Finally, Pete, I found the question.
Let me tell you this. If you can ever get a dyed in the wool Lydiard person to talk with you about specific paces or heart rates, you know that you're not talking with a dyed in the wool Lydiard person. It really is something you're supposed to learn to feel and this answer will be pretty long.
Ron Daws did a lot of his distance work at around a 7:00 pace. So, I'm told, did Bill Baillie. Peter Snell told me that at the start of his build up phase he'd do the 22 miler at around a 7:00 pace early in the year (on a very hilly course) and work down to a bit above 6:00 at the end of the phase. The shorter runs were a "bit" faster he said, mentioning that by the end of the build up he'd be doing 10-12 milers at about a 5:30 pace. Peter actually believes that once you're running much slower than 7:00s the usefulness of the run declines, but that's Peter, not Arthur. Jeff Julian did a lot at 6:30-7:00 pace, but Mike Ryan (not to be confused with Kevin Ryan) was evidently below 6:00 pace much of the time. But before you wed yourself to any of those paces, remember that all of those guys were world class runners capable of going much faster for a long time.
If you follow Arthur's quotes on this you find a bit of self-contradiction, e.g "good runners rarely run slower than 7 minutes a mile," and "what an LSD runner can accomplish in two years maybe we can do in one," and (to his guys in the 60s as they ran the Sunday 22), "You're wasting your time if you're running slower than 2:20.
But he also told me once, "Don't think about minutes per mile.

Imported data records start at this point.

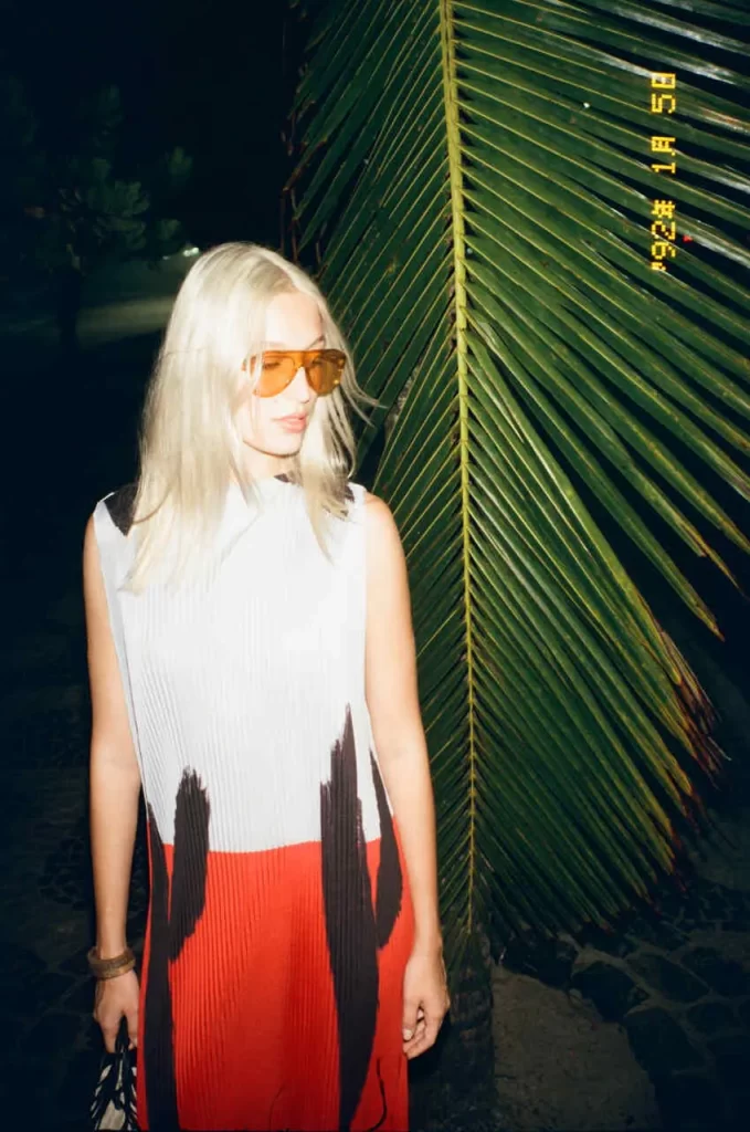 Para as estampas, a visão de que a moda pode ser uma plataforma de comunicação e storytelling trazendo elementos de estilo que contam histórias. Na paleta de cores, a construção de um dia perfeito de verão: os tons neutros se associam ao azul do céu e do mar, o verde das vegetações ganha calor e se apresenta de forma quente. Amarelos e laranjas remetem aos dias ensolarados que atingem seu ápice, destacando a vibração e sensualidade do vermelho pitanga.
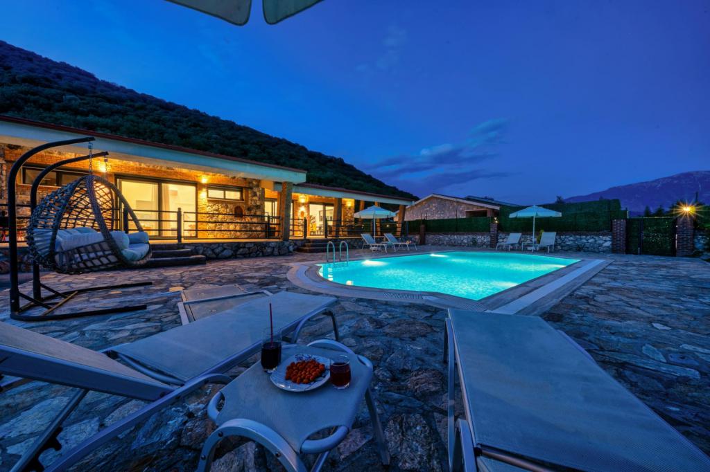 3 yatak odası, 3 banyo tuvalet bulunan villamız 6 kişilik konaklama kapasitesine sahiptir. 30 m2 büyüklüğünde özel havuzu, geniş yemyeşil bahçesi, barbekü, bahçe yemek masası ve lüks bahçe takımı bulunmaktadır. Zevkle döşenmiş lüks mobilyaları, taş mimarisi ve gözlerinizi alamayacağınız dağ- doğa manzarasıyla; farklı bir tatil deneyimi yaşamak isteyen misafirlerimize lüks bir doğa deneyimi sunmak için tasarlandı.
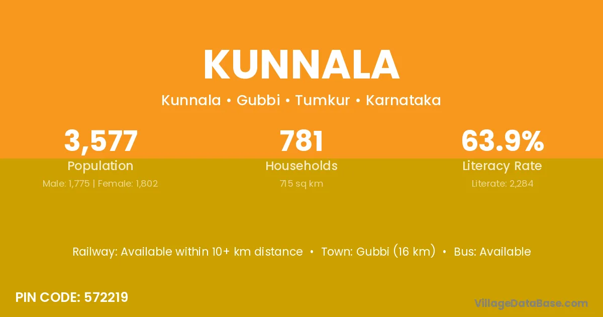 Gubbi (16 km) is the nearest town to Kunnala village for major economic activities and is located approximately 16 km away.
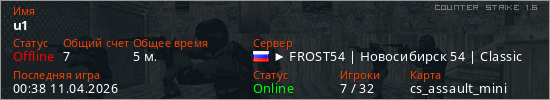 Играет на Counter Strike 1.6 сервере. Страна: РоссияПервый раз замечен 00:21 11.04.2026
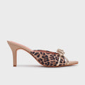 Zapato pump en cuero con estampado de leopardo y punta abierta. En el frente resalta un delicado lazo ancho en cuero dorado, trabajado a mano con volumen y carácter. Forro y plantilla en cuero para suavidad, suela de cuero resistente y taco forrado de 7 cm. Atrevido y sofisticado, ideal para dar fuerza y personalidad a tu look.
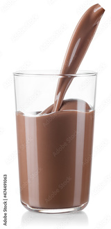 chocolate milk or cocoa drink pouring into glass

Think about staying comfortable." And in "Running to the Top" in discussing base training he says, "You can never run too slowly, but you can run too fast."

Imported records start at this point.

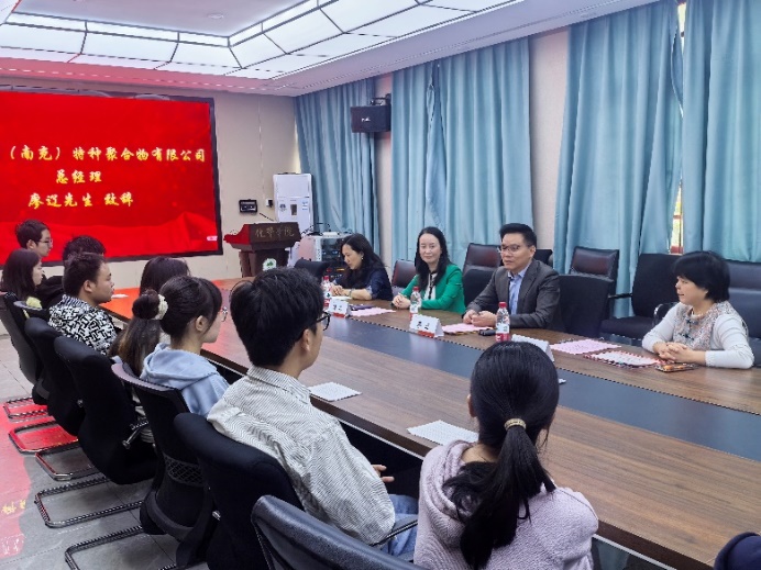 杰出校友、埃夫科纳(南充)特种聚合物有限公司总经理廖辽的到来致以热烈欢迎,并衷心感谢公司对学院的关怀与支持,对公司的蓬勃发展表示欣喜。随后,谢均书记向获奖学生致以祝贺,充分肯定他们的辛勤努力与优异成果,并全面介绍了学院的发展状况、取得的成绩、未来计划及人才培养等情况,并为埃夫科纳奖学金的捐赠人廖辽颁发了捐赠证书。
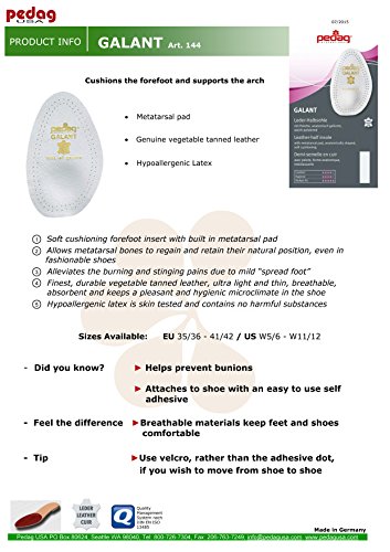 Pedag 144 Galant Optimally Cushioned and Self Adhesive Leather Forefoot and Metatarsal Pad, Tan, Women's 9/10
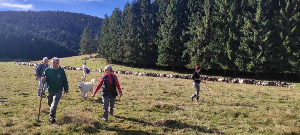 Notre participation a été très active , étant les seuls avec 3 de ses amis et sa fille a dirigé avec l’aide des chiens le troupeau.Sa femme Christine faisant la voiture balai afin de récupérer les animaux bléssés.

So that should sort it all out, eh?
If not, here is the one thing that he has said consistently over the years and Peter Snell told me the same thing; that the trick is to be able to get out each day and do the run that your schedule calls for. If you run a 20 on Sunday at an 8 minute pace and planned to run 10 on Monday at a 7 minute pace, but are often unable to do that Monday run, you went too hard on Sunday, or perhaps on Saturday or Friday. If you can manage the 8 minute paced 20, the minute paced 10, Tuesday's 7:45 15 and so on, you know that you aren't running too fast. But are you running too slowly? The only way to tell is to rachet the pace up a bit. If you still can maintain the desired pace and distance day in and day out, you still aren't going too fast. It's too fast when you need real "recovery days."
So you want to run as fast as you can within that framework. But I think in recent years, Arthur, like Hadd, has become aware that people tend to overestimate how fast they can run aerobically and tend to push too hard, making fast aerobic runs into slow anaerobic runs, hence the quotes like "You can never run too slowly," etc.
Yes, the steady state is very much like Hadd's runs where you go as fast as you can for an extended time without having your heart rate creep up during the duration of the run. The difference being that Arthur puts very little stock in heart rates and would describe the steady state run as one where you go as fast as you can without feeling your tiredness or breathing rates increase as the run goes on.